It’s mixed. In the Philippines it's seen as an admirable thing for a wife or a daughter, especially the eldest daughter, to work abroad to support the family. For Indonesians, who only started coming to Hong Kong in large numbers in the 1990s, there has been more anxiety about women leaving their home and family to work abroad. In Indonesia, in order to go, they need the permission of their father if they are unmarried or their husband if they are married. Although some are pressured to go, more of the women who I talked to from Indonesia wanted to get away from home or the pressure to get married. Some left in order to escape a bad marriage, which is also sometimes the case in the Philippines as well. Some people choose to leave the country to go and work abroad to escape bad situations at home. For others, they just want to be able to help the family by making money and sending it home. Besides admiration and respect for the women who go to work abroad, there is also a sense of anxiety about what kinds of trouble they could get it into far away from the supervision of family members. Such anxiety seems to be more common in Indonesia than in the Philippines. That might be partly because Filipinas who go abroad to work tend to be a bit older than Indonesians and they also tend to have more formal education.

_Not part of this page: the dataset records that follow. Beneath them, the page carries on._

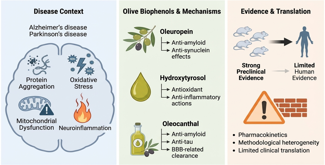 Olive Components (Biophenols or Polyphenols) in Neurodegenerative Disease Models and Clinical Studies: A Systematic Review of Evidence and Translational Barriers. Biomedicines 2026, 14, 761.
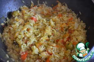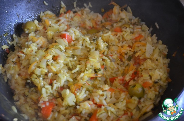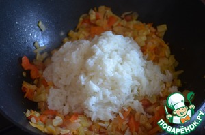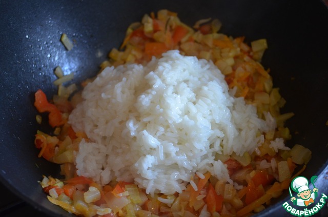 • Добавляем рис и бульон (либо-обычную воду). Для овощной паэльи отлично подходит картофельный бульон. Попробуйте.
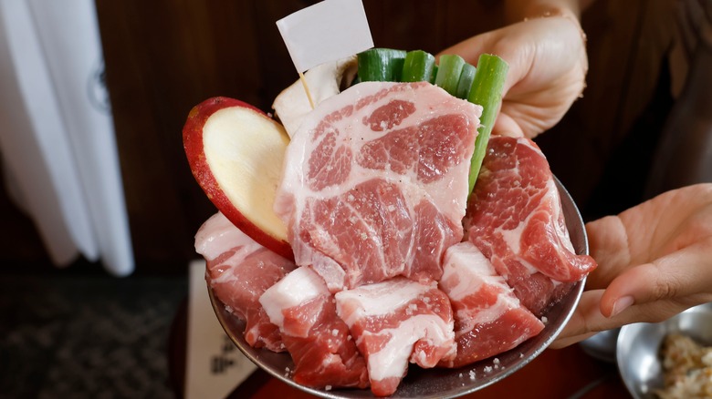 Pork belly is fattier, milder in flavor, and cooks faster than the sweetly marinated galbi. It's an indulgent protein that eliminates the need to order more extravagant proteins like Wagyu or beef tongue. The meat can be further elevated with a generous dunk of sesame oil and a sprinkle of salt. Han Hwang agrees. "I love the simplicity of the combination of sesame oil, salt, and pepper." In symphony with sesame oil, the uncluttered bites of pure fat and salt elevate a Korean barbecue night to great heights. Just don't forget to pull your pork off the grill after it starts shrinking. Otherwise, the fatty meat will seize up and lose its flavor and texture.
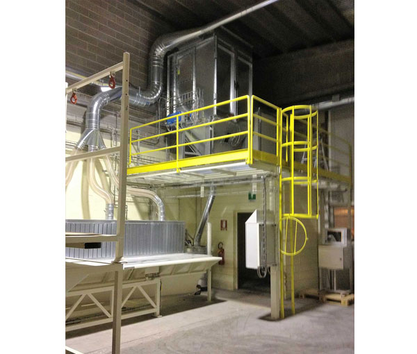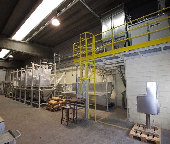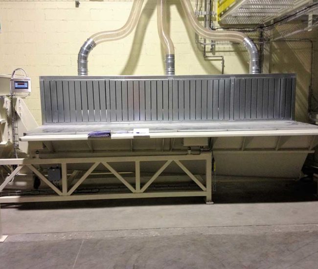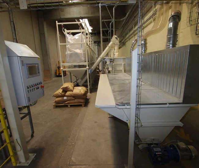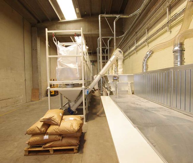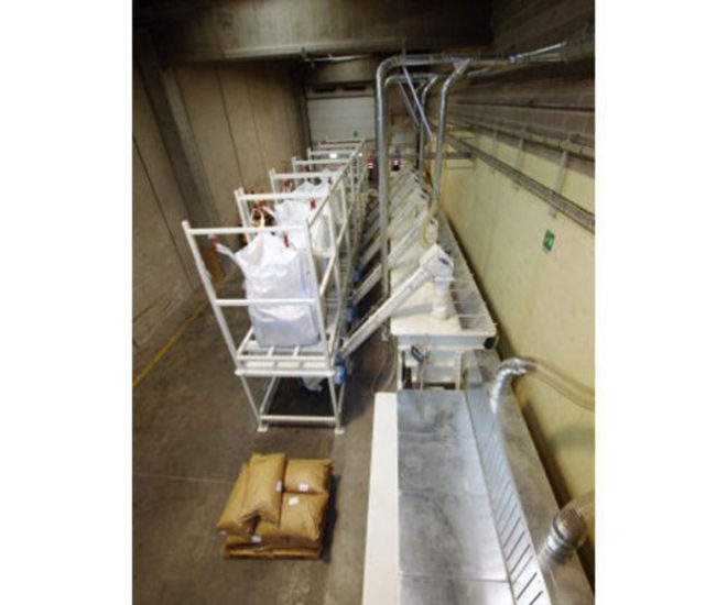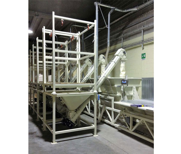The system has two hoppers to load animal feed. Hoppers are fitted with weighing cells which, by interfacing with specific software, dose the material from big bag receiving units. The entire system is fitted with suction to purify dust from product handling.

A lot of them have at least a high school education and often a college education as well; whereas Indonesians tend to be from small, rural villages in East or Central Java and have only a middle school education or a bit more. For Indonesians, leaving home seems to entail more ambivalence from their families.
If an Indonesian migrant worker gets pregnant abroad, for example, even if she has had had a religious marriage ceremony or a Muslim nikah ceremony, which means the relationship is not haram, or not forbidden, her family and her community back in Indonesia might still disapprove. If she returns home and the man is not there with her, if she has come back alone with a child, she is assumed to be an unwed mother and the child is assumed to be born out of wedlock. This is stigmatizing for the woman, for the child, and for the woman’s family. Rarely would the man go back to Indonesia with her, so she often becomes the object of gossip and scorn. Although it varies from one region of Indonesia to another, in parts of Java, returning home with a child and no husband is usually viewed as a really shameful thing; all the more so if the child looks he or she is mixed race or has darker skin. In Indonesia, not only are the mothers sometimes viewed as problematic, but they can also be seen as immoral women, as bad mothers for not being married, and as bad daughters for shaming the family.
In Hong Kong the view of the mothers is that they are bad workers because a domestic worker is there to work and when she gets pregnant the assumption is she is not going to be able to do her job or do it as well. She is marginalized both at home when she comes back as a single mother and in Hong Kong where she gets pregnant. In both places they are in difficult situations from the beginning. In Indonesia, they are usually from relatively poor and rural communities. Being women who travel abroad alone places them under some suspicion in terms of their morality, because the family is not able to keep an eye on them. In Hong Kong they are supposed to be workers. They are not citizens, so they are not subject to the same treatment and benefits as locals. Even though they have a monthly minimum wage, it is far below the minimum wage for locals. In both contexts within each society, they are not in a privileged position. They face difficulties and exclusion from the good life fantasy.
Can you explain your concept of migratory cycle of atonement and the social climate in the home countries of the migrant mothers?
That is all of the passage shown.